Not Achieving Orgasm, Recognize The Most Important Session Of Having Sex With A Partner Sek

JAKARTA – Long-term partners or long-lasting partners know very well that sex plays a role in increasing the warmth of the relationship. But not every couple understands that orgasm is not the key to a romantic relationship with a partner.

According to Aaron Ben-Zeév, Ph.D., professor of philosophy and author of The Arc of Love: How Our Romantic Lives Change Over Time, there are more important things than an orgasm. Ben-Zeév defines sexual afterglow as the good feeling that persists after the pleasurable experience of sex.

That good feeling is a kind of intense radiance that is attractive and contagious. Reported by Psychology Today, Monday, June 14, a study shows that sexual afterglow determines how people feel about their sexual partners.

Sexual afterglow or feelings of pleasure during a sex session are less intense than orgasm, but play a greater role in lasting romantic satisfaction.

After or during sex with a partner, stronger feelings of happiness were reported to have higher levels of marital satisfaction. What is included in the sexual afterglow?

A woman who has been divorced from her partner says that her husband is emotionally disconnected when he ejaculates.

“He left me emotionally and physically quickly. He literally left the bed to drink something and didn't come back to bed," she said.

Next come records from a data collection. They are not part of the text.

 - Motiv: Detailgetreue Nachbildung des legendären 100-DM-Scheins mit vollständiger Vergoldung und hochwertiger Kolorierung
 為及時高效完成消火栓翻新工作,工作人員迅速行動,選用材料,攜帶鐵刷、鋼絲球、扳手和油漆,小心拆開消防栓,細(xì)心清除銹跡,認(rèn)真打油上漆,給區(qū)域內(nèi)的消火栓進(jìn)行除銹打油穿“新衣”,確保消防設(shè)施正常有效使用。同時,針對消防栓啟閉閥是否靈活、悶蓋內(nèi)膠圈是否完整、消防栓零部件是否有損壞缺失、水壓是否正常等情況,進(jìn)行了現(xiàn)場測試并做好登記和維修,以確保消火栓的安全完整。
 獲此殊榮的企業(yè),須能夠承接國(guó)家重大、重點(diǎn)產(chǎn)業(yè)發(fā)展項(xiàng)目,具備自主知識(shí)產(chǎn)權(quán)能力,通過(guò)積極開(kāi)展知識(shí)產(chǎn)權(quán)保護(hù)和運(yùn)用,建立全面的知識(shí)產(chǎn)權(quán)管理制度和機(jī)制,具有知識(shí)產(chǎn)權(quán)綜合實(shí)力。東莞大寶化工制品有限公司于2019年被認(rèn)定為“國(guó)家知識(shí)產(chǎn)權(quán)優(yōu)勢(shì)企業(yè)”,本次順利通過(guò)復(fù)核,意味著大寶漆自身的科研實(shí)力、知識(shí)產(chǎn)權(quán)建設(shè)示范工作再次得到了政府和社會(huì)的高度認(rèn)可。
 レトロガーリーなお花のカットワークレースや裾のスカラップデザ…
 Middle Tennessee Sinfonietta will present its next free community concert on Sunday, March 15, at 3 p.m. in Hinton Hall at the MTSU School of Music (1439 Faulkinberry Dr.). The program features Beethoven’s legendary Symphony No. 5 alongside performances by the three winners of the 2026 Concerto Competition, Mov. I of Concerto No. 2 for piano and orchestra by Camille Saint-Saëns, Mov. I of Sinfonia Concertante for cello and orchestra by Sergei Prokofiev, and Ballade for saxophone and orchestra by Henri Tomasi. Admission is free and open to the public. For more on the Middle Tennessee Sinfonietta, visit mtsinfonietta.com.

According to Ben-Zeév, a study has shown that a strong and intimate bond occurs when couples look at each other during and after sexual intercourse. Can be done with the activity of kissing and hugging. It has also been shown to increase the duration and quality of relationships.

Apart from kissing and hugging, looking at each other with intense gazes is very valuable. Because couples who do it want to emphasize that the bond of a relationship is deeper than a short and shallow physical act.

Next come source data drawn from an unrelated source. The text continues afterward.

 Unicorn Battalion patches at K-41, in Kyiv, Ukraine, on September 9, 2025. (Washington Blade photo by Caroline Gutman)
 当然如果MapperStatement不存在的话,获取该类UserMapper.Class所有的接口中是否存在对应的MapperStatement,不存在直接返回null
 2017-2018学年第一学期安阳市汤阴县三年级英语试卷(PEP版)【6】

“We can distinguish between romantic intensity which describes a momentary desire and deep romance, which goes beyond mere romantic intensity and refers to a broader and lasting lover's attitude,” says Ben-Zeév.

One of the ways to measure sexual intensity is orgasm. Meanwhile, feelings of pleasure after sex and affectionate activities after sex help deepen and prolong sexual bonds.

Other research also proves, newly married couples feel sexual afterglow about 48 hours after having sex. But sexual afterglow can not be measured by how many orgasms. Sexual afterglow also affects the level of attraction to a partner.